What we trained, on what data, with which recipe, and how the acceptance score moved at each step.

All scores are pooled acceptance Ο„ = E[n]+1 (pooled over all verify cycles), measured on the same harness (scripts/eval_draft_8gpu_qwen3.sh: 8 SGLang servers, triton backend, target Qwen/Qwen3-4B, thinking-OFF, T=0, FULL prompts, B16). Higher = more tokens accepted per verify cycle (ceiling = B+1 = 17).

The reference bar is z-lab M0 = the published z-lab/Qwen3-4B-DFlash-b16 draft measured on our harness (so it is apples-to-apples; the only thing that differs from our runs is the draft weights).


TL;DR β€” score progression (pooled Ο„)

run gsm8k math500 humaneval mbpp mt-bench avg Ξ” avg
M1 (baseline) 5.86 6.60 5.02 4.69 2.76 4.99 β€”
M1.5 6.10 6.70 5.28 4.90 2.81 5.16 +0.17
M1.6 ep2 (best) 6.19 6.90 5.87 5.20 3.00 5.43 +0.27
M1.9 ep3 (best) 6.27 7.18 5.65 5.31 2.83 5.45 +0.02
z-lab M0 (target bar) 6.27 8.24 6.72 5.61 3.43 6.05 +0.60 ahead

Net: +0.46 avg from M1 β†’ M1.9 (4.99 β†’ 5.45), closing ~43% of the original 1.07-point gap to z-lab. gsm8k is now fully closed (6.27 = 6.27). The remaining gap is concentrated on math500 (βˆ’1.06) and humaneval (βˆ’1.07).


Stage detail

M1 β€” baseline (fresh, paper-faithful)

field value
Init from scratch (fresh draft)
Data 888,784 samples β€” the v10-balanced Gemma prompt set (891,503 prompts), a broad mix (NuminaMath, OpenMathReasoning, OpenMathInstruct-2, Nemotron-v2 math/code, open_code_instruct, evol_codealpaca, chat)
Labels regenerated with Qwen/Qwen3-4B, greedy T=0, thinking-OFF, seqlen cap 3072
Loss soft-label KD (pure forward-KL over full target vocab, Ξ±=0), decay-Ξ³=7
Schedule 6 epochs, AdamW, lr 6e-4, cosine, warmup 0.04, grad-clip 1.0
Batch GBS 64 (8/device Γ— 8 GPU), 512 blocks/seq, ~83K steps total
Eval avg 4.99

This already matched z-lab's scale (β‰ˆ800K) and epoch count (6) and most hyperparameters β€” yet landed 1.07 below z-lab. The gap shape (small on gsm8k, large on code/math) points at data composition, not scale: the v10 mix is a Gemma-era curation, not z-lab's clean Nemotron-PTD-v2 + CodeAlpaca sources. Every later run warm-starts off M1, so all inherit this base composition.

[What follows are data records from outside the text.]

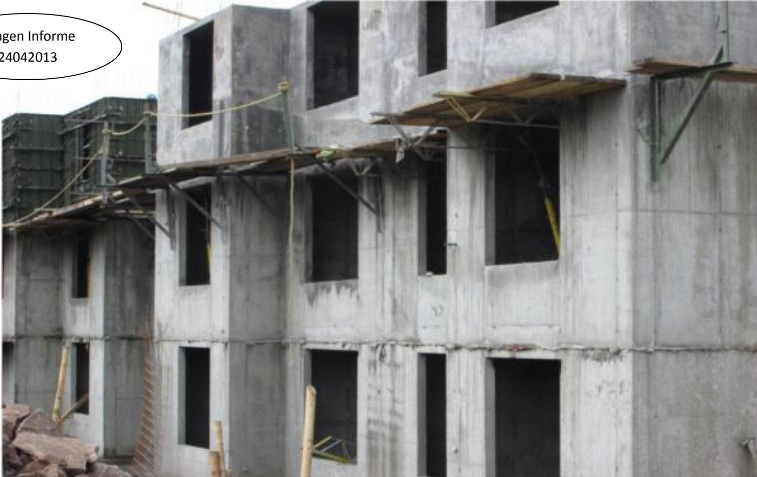
Imagen Informe 24042013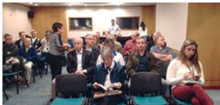
Representantes reunidos no Centro Empresarial Mourisco, PREVI - (RJ)

Levamos também nossas mensagens ao Seminário Regional da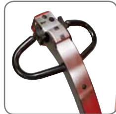
Möjligt att manövrera med styrhandtaget helt vertikalt (Multiflex-funktionen). Central placering av alla funktioner.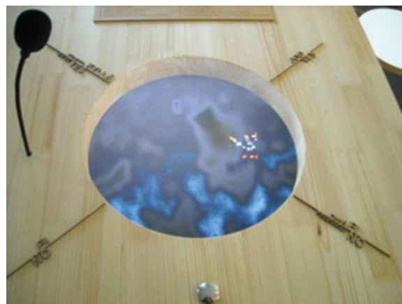
Your Synthetic Future (at the speed of light) Détail de l'installation

L'écran évoque le puits de divination des pratiques chamaniques scandinaves (en particulier norvégiennes) connues sous le nom de seidh ou seidhr . Les quatre inscriptions autour de l'écran rappellent une version élémentaire du ouidja utilisé dans les séances de spiritisme. L'installation est aussi conçue pour évoquer, sous une forme technoscientifique contemporaine, les machines prophétiques que l'on retrouvait, il n'y a encore pas si longtemps, dans les fêtes foraines où, contre très peu d'argent sonnante et trébuchante, le visiteur pouvait trouver instantanément réponse à ses questions concernant son futur.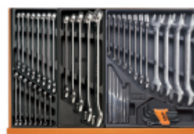
T05 T06 T31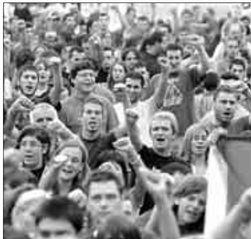
HIMNES. Durant la marxa es van cantar cançons catalanes i comunistes.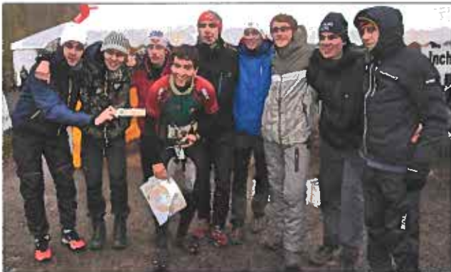
Herrlaget efter målgång och det blev en fin 65:e plats till slut.

Ungdomarna hade två ganska jämna lag. Lag 1 fick en tung inledning men sedan plockade de tre resterande sträckorna 23, 62 och 32 lag och slutade på en 129:e plats. Lag 2 hade en hyfsad inledning, jobbade upp sig på andra sträckan för att sedan få en tung avslutning och slutade 184 av 282 startande lag.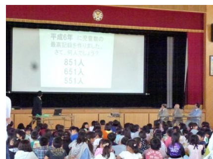
昭和42年の開校当時の児童 数は483人でした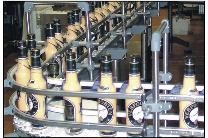
Hygienische Abfüll-Linie aus Edelstahl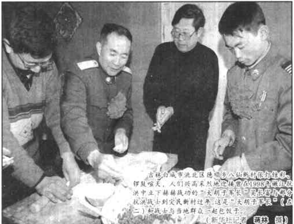
吉林白城市洮北区德惠乡多仙新村张灯结彩，锣鼓喧天，人们兴高采烈地迎接在1998年抗洪中立下赫赫战功的“天河”号长堤“英雄连”官兵凯旋。战士们与当地群众一起包饺子。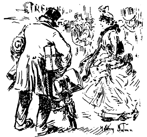
Ils ont ou elles ont la grippe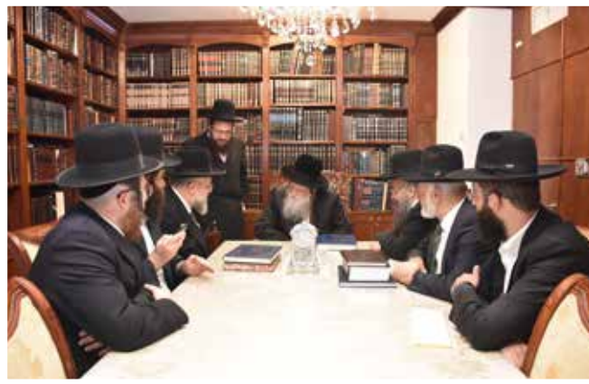
כ"ק האדמו"ר ממודז'ץ |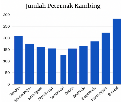
Gambar 1. Jumlah Peternak Kambing Di Desa Kampak 7

Berdasarkan data terbaru pada portal Satu Data Kabupaten Trenggalek yang bersumber dari Dinas Peternakan dan diperbarui tahun 2025, populasi kambing di Kecamatan Kampak pada tahun 2024 tercatat mencapai sekitar 34.000 ekor, menjadikannya salah satu wilayah dengan potensi pengembangan peternakan kambing yang cukup besar di Kabupaten Trenggalek. Kondisi ini menunjukkan bahwa sektor peternakan rakyat, khususnya kambing, memiliki peran penting dalam mendukung perekonomian masyarakat pedesaan di wilayah tersebut 6 .

M1.5 β€” first continuation (unseen leftover, switch to EAL)

field value
Init warm-start from M1 (qwen3-4b-m1-kd-b16-g7-rope1e6/final_checkpoint.pt)
Data 374,110 samples β€” math 149,672 / code 149,803 / chat 74,617
Sources prompts M1 never saw (hash-subtracted, eval-decontam'd): math = OpenMathInstruct-2 + Nemotron-v2 math + OpenMathReasoning; code = open_code_instruct + evol_codealpaca + ~30K function-completion (MBPP-train 374 + CodeSearchNet, HumanEval-shaped); chat = nem_ifc_chat (mt-bench anchor)
Loss EAL (Expected-Acceptance-Length; uniform KL position weight)
Schedule 3 epochs (ckpts step5846 / 11692 / final)
Eval avg 5.16 (+0.17 vs M1)

First switch from KD β†’ EAL loss, plus fresh unseen data. Lifted every benchmark a little; humaneval/mbpp still lagged β†’ motivated M1.6's code focus.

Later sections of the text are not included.